He lists three reasons as to why not. Individually any of the three of them would evoke instant facepalm, but taken together they achieve some sort of resonant synthesis that creates a larger, more contextually rich epic failburger. To whit, Reason The First: Opportunity Costs.
The opportunity costs of using unemployed labor are not zero. The years spent building government roads and bridges are years in which the laborers are not learning marketable skills or moving to areas with better employment prospects. That is a serious opportunity cost.
One of the reasons unemployment has been so persistent is that the housing boom misdirected so many people into the construction industry, where they spent years acquiring skills the economy did not really need. Continuing this cycle of malinvestment of human capital is unfair to the workers and economically stupid.
It is better to be unemployed than to be in construction, because if you are working in construction, you aren't in business school or learning a useful trade like "CNBC Talking Head". In other words, since infrastructure involves teaching people how to build things, we're actually erasing more valuable information from the parts of their brains that hold other more useful skills like "collecting unemployment checks".
Reason The Second: China.
In the first place, China is involved in its early stage build out of its national infrastructure. Of course this is far more costly than the maintenance costs faced by the U.S. What’s more, China’s infrastructure program has all the markings of a make-work program—building roads and entire cities to nowhere in order to mask serious underlying problems with its economy.
Well, there are 1.3 billion of them or whatever. They need to do something with all that manpower. Perish the thought that we could ever use a make-work program facing nearly 10% unemployment. Unlike China, our economic problems are happily unmasked for the world to see.
Reason The Third is my favorite. Who needs infrastructure, anyway?

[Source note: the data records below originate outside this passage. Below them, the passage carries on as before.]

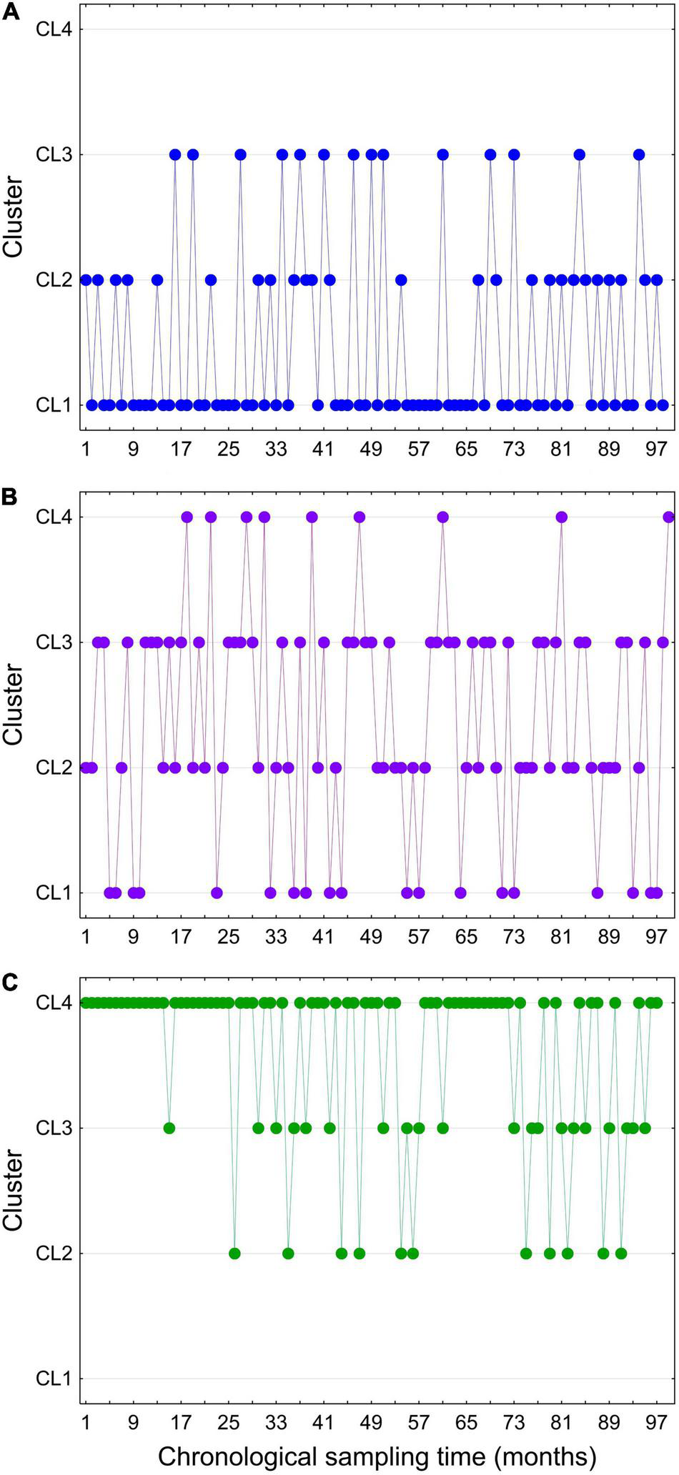 Temporal changes in the state of environmental conditions (expressed as switching between different clusters) at sites typical of the open sea (A), coastal sea (B) and transitional/estuarine waters (C).
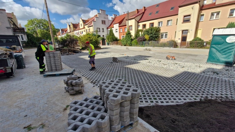 Na ul. Zamenhofa i ul. Żeleńskiego prace zmierzają ku końcowi. Układana jest nowa nawierzchnia z kostki.
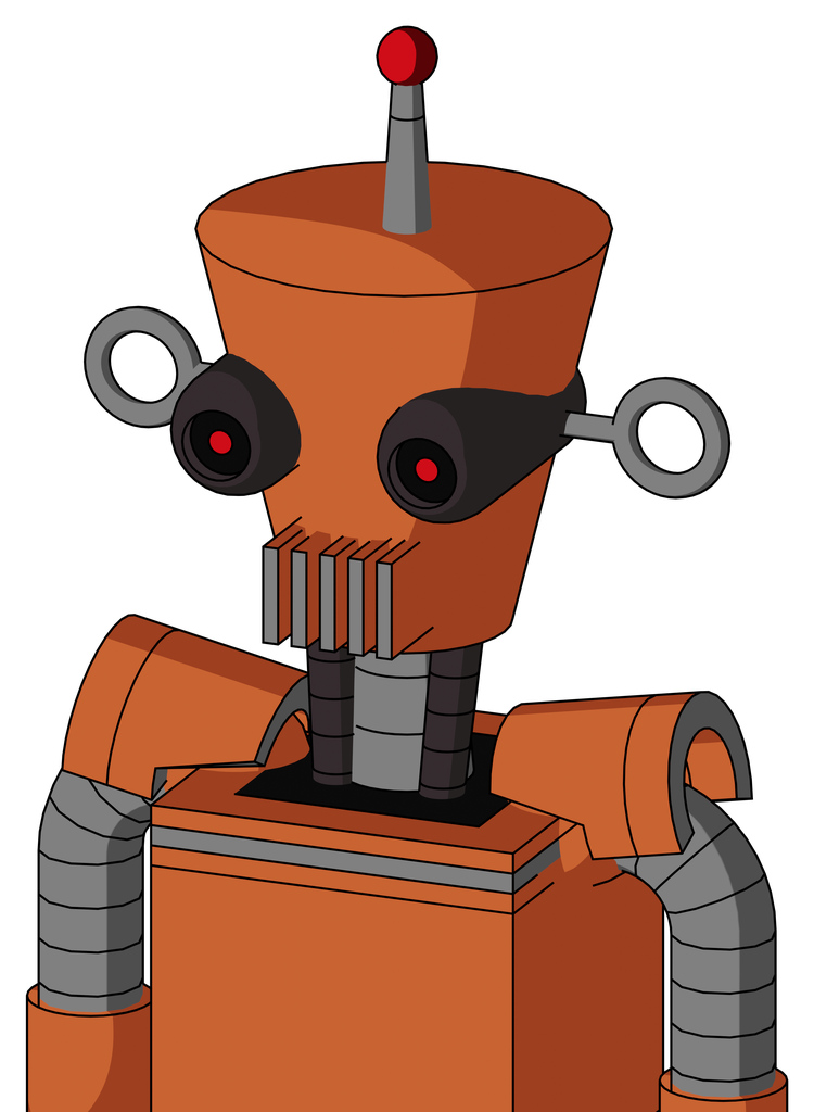 Orange Mech With Cylinder-Conic Head And Vent Mouth And Black Glowing Red Eyes And Single Led Antenna
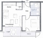Die Wohnung überzeugt durch einen sehr gut durchdachten Schnitt, sodass sie größer als 52,5 m² erscheint. Hervorzuheben sind hier v.a. die Raumoffenheit sowie die bodentiefen Fenster mit Zugang zum großen, entlang der Wohnung verlaufenden Balkon, die der Wohnung dieses besondere, luftige Wohnflair verleihen!
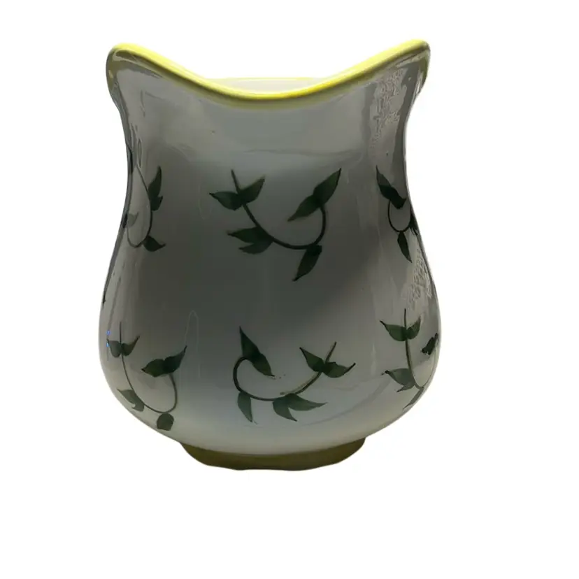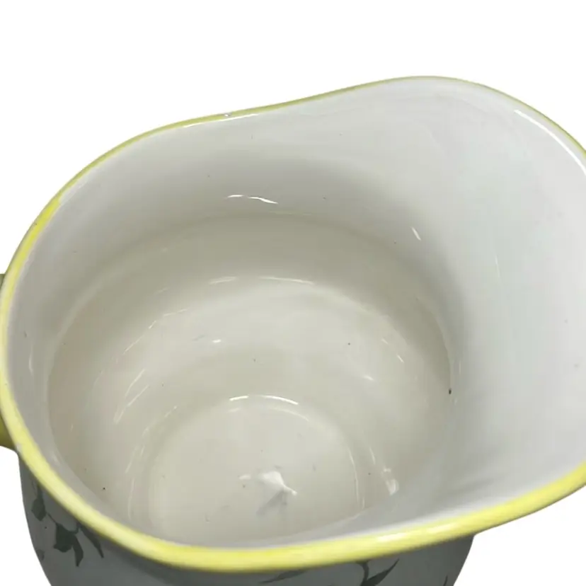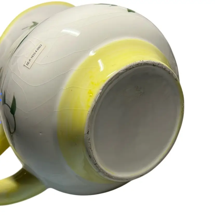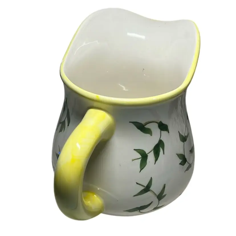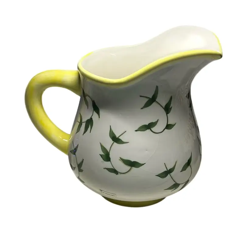 Yellow & white - no makers mark. Featuring green leaves. Pitcher has crazing and one tiny glaze chip on rim Measures 8” tall & 9” wide
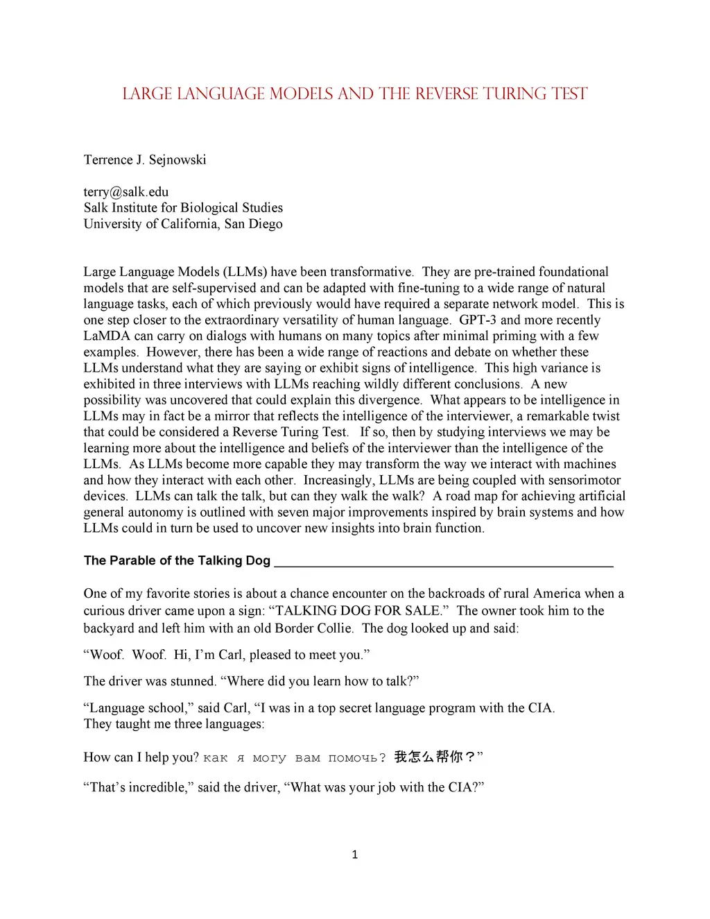 Large Language Models (LLMs) have been transformative. They are pre-trained foundational models that are self-supervised and can be adapted with fine tuning to a wide range of natural language tasks, each of which previously would have required a separate network model. This is one step closer to the extraordinary versatility of human language. GPT-3 and more recently LaMDA can carry on dialogs with humans on many topics after minimal priming with a few examples. However, there has been a wide range of reactions and debate on whether these LLMs understand what they are saying or exhibit signs of intelligence. This high variance is exhibited in three interviews with LLMs reaching wildly different conclusions. A new possibility was uncovered that could explain this divergence. What appears to be intelligence in LLMs may in fact be a mirror that reflects the intelligence of the interviewer, a remarkable twist that could be considered a Reverse Turing Test. If so, then by studying interviews we may be learning more about the intelligence and beliefs of the interviewer than the intelligence of the LLMs. As LLMs become more capable they may transform the way we interact with machines and how they interact with each other. Increasingly, LLMs are being coupled with sensorimotor devices. LLMs can talk the talk, but can they walk the walk? A road map for achieving artificial general autonomy is outlined with seven major improvements inspired by brain systems. LLMs could be used to uncover new insights into brain function by downloading brain data during natural behaviors.
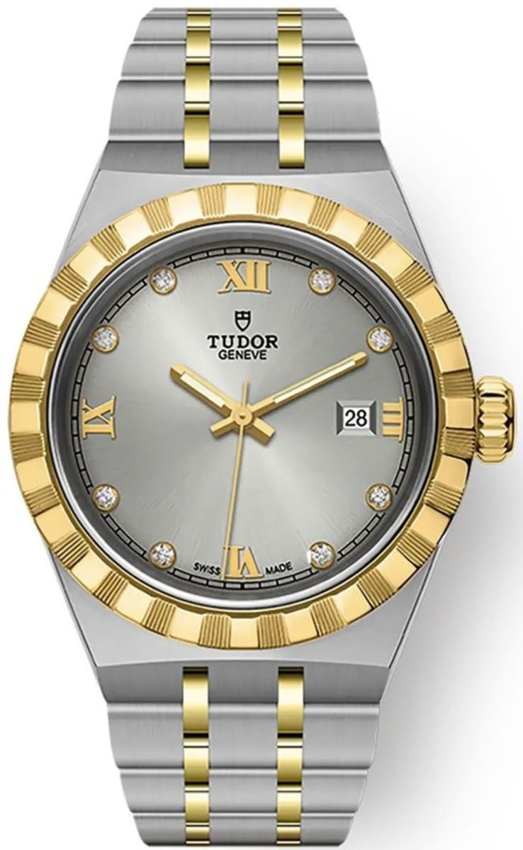 Tudor Royal Silver Diamond Dial Stainless Steel and Yellow Gold Unisex Watch M28303-0002 28mm

This is probably the most common argument for infrastructure spending. The flaw in the argument is that it assumes that it is rational to maintain 100% of our current infrastructure.
Let’s assume that Frank is correct that 25% of our bridges are obsolete or structurally deficient. This indicates that the bridges should either be closed or repaired soon. The question of whether they should be closed or repaired, however, cannot really be answered because of the government’s involvement in these projects.
A private firm would make entrepreneurial guesses about whether further investment would earn a high enough return to be justified.
You know, government needs to be more like a private firm questioning the amount of safety and infrastructure investments along the line of say, BP or Pacific Gas & Electric. If only government had the goal of profit motive like a private company instead of being concerned about the safety of American citizens like some useless government appendage, why we'd save a bundle of money on infrastructure costs!
Amazing stuff, folks. Here's a guy actually questioning why the government's chief concern about infrastructure isn't profit motive. Awesome. awesome stuff.
I can't wait until these guys are in charge of the infrastructure where you live.